🍂Dua Puluh Sembilan🍂

11.9K 740 12
                                    

"Mine mau duduk dekat Mami atau dekat teman-teman?"

Jasmine menunjuk bagian belakang bus. "Mau sama teman aja," ucapnya. Aku mengangguk lantas gadis itu duduk di kursi ketiga dari belakang, sedangkan aku duduk di kursi paling depan.

Aku ditunjuk sebagai salah satu penanggung jawab di bus ini. Aku ditugaskan untuk menjaga anak-anak selama perjalanan dan rasanya memilih kursi paling depan adalah pilihan yang tepat. Dari sini aku bisa memantau mobilisasi anak-anak turun dan naik dari bus.

"Bu Manda, geser," aku yang sedang memeriksa absen mendadak menegakkan pandanganku, "saya mau pantau anak-anak di bus ini juga," ucap Pak Angga.

Biasanya aku risi kalau dia ingin dekat-dekat denganku, tetapi saat ini aku biasa aja. Kalau mau dekat-dekat, yaudah. Kalau mau jauh-jauh, juga yaudah.

"Sini, Bu," ucap Pak Angga yang membuat aku duduk di kursi sebelah jendela, sedangkan pria itu sebelahku. Kursi di bus ini memang dipasang berdua-berdua.

Bu Eneng mengabsen kehadiran para murid di bus ini, setelah data kehadirannya lengkap barulah bus ini berjalan keluar dari parkiran menuju ke tujuan.

Belum juga setengah perjalanan, aku sudah pusing. Sebenarnya aku enggak bisa naik bus begini dalam jarak jauh. Pusing aku tuh.

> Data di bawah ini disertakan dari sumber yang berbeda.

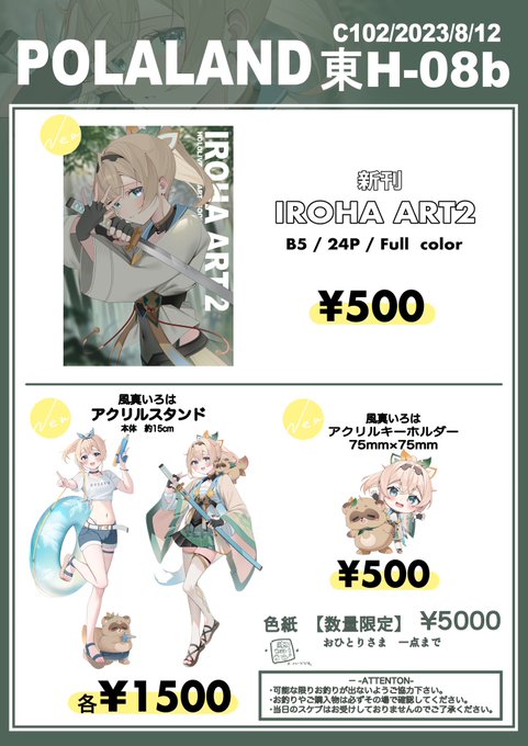夏コミ おしながき🐕 #C102 8月12日 1日目 POLALAND 場所 ▶︎ 東H-08b 新刊、いろはちゃんアクスタ2種、いろぽこアクキーです。 ※アクキーの通販予定はありません。 よろしくお願いしますー!✊

"Bu Manda," Pak Angga yang sedari tadi memainkan ponselnya kini menoleh ke arahku, wajahnya terlihat khawatir, "mukanya pucat. Kenapa? Pusing?"

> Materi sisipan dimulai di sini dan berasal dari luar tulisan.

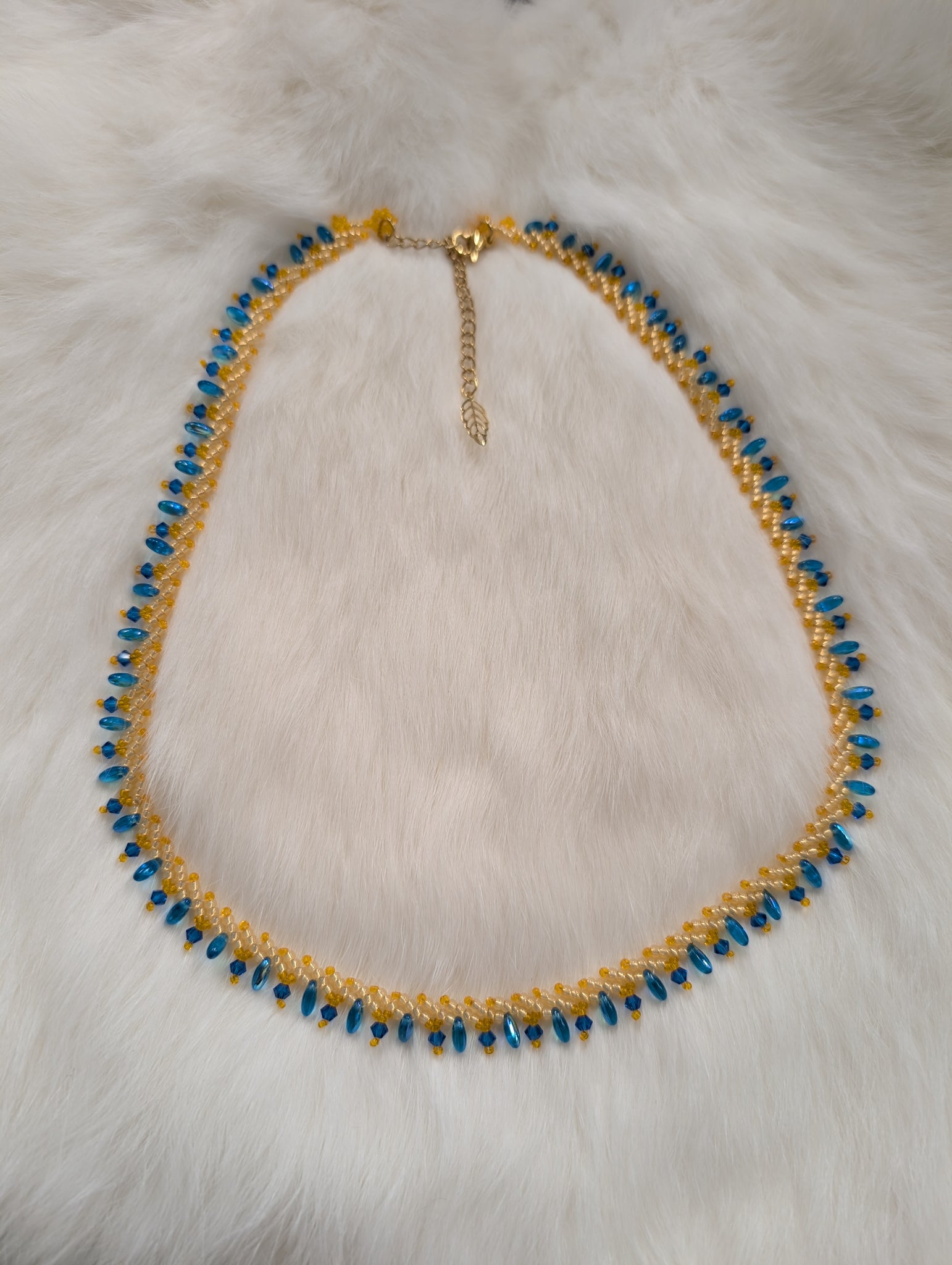 This dainty necklace is made with the St-Petersburg stitch. It is very light and comfortable. Made out of glass beads and a stainless steel clasp making it hypoallergenic. Perfect way to add a pop of colour to any outfit.

Aku terdiam sambil memejamkan mata.

"Kalau pusing bilang aja. Jangan ditahan. Biar nanti cepat dikasih obat."

Tidak mau gengsi lagi, aku memilih mengangguk. "Pusing, Pak. Mual."

"Sebentar, sebentar," dengan sigap dia langsung berdiri dan meminta obat kepada guru yang lain. Setelah Pak Angga mendapatkannya, pria itu kembali duduk di sebelahku, "ini diminum dulu."

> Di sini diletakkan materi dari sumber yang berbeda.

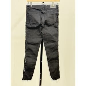 ZARA BASIC Z1975 DENIM JEANS BLACK SIDE METAL RINGS RAW HEM JUNIORS SZ 4

Aku mengambil obat tablet kemudian Pak Angga memberikan aku satu botol air mineral yang tutupnya sudah dia buka. "Langsung diminum ya," aku meminum obat itu lantas memberikan botol air mineral kembali kepadanya, "mau pakai minyak wangi putih?"

Aku mengangguk. Pak Angga langsung menuangkan minyak kayu putih ke tanganku. "Dipakai langsung ya."

Aku mengangguk lagi. Mengusapkan minyak kayu putih itu di kening lantas memejamkan mata. "Cepat sembuh ya."

Aku tersenyum samar. Begini ya rasanya diperhatikan. Kak Gandra mana pernah begini, kalau aku sakit, paling dia langsung memberikan uang untuk membayar taksi dan juga biaya rumah sakit.

Beberapa jam kemudian, kami semua sudah sampai di tujuan. Jasmine terlihat senang sekali melihat pantai, dia enggak sabar ingin membuat istana pasir bersama teman-temannya.

"Ayo Mami ikutan! Kita bikin istana!" ucap Mine yang aku respons dengan gelengan kepala.

"Mine aja sana sama teman-teman. Mami mau di sini aja."

"Yaudah, Mine ke pantai dulu ya Mami."

Selepas kepergian Mine, aku mengambil ponselku dan melihat room chat Kak Gandra. Sekitar setengah jam yang lalu aku mengabarkan bahwa aku dan Jasmine sudah tiba ditujuan, tetapi pria itu hanya membacanya saja, tanpa membalas.

Ya, mungkin aku chat aku dianggap sebagai koran.

Enggak berharap dibalas juga.

"Bu Manda," suara khas Pak Angga terdengar, "guru-guru yang lain mana?"

Aku menunjuk ke arah pantai. "Ada beberapa di situ mengawasi anak-anak main pasir," aku juga menunjuk ke arah villa, "ada juga yang di dalam sana. Lagi pada istirahat."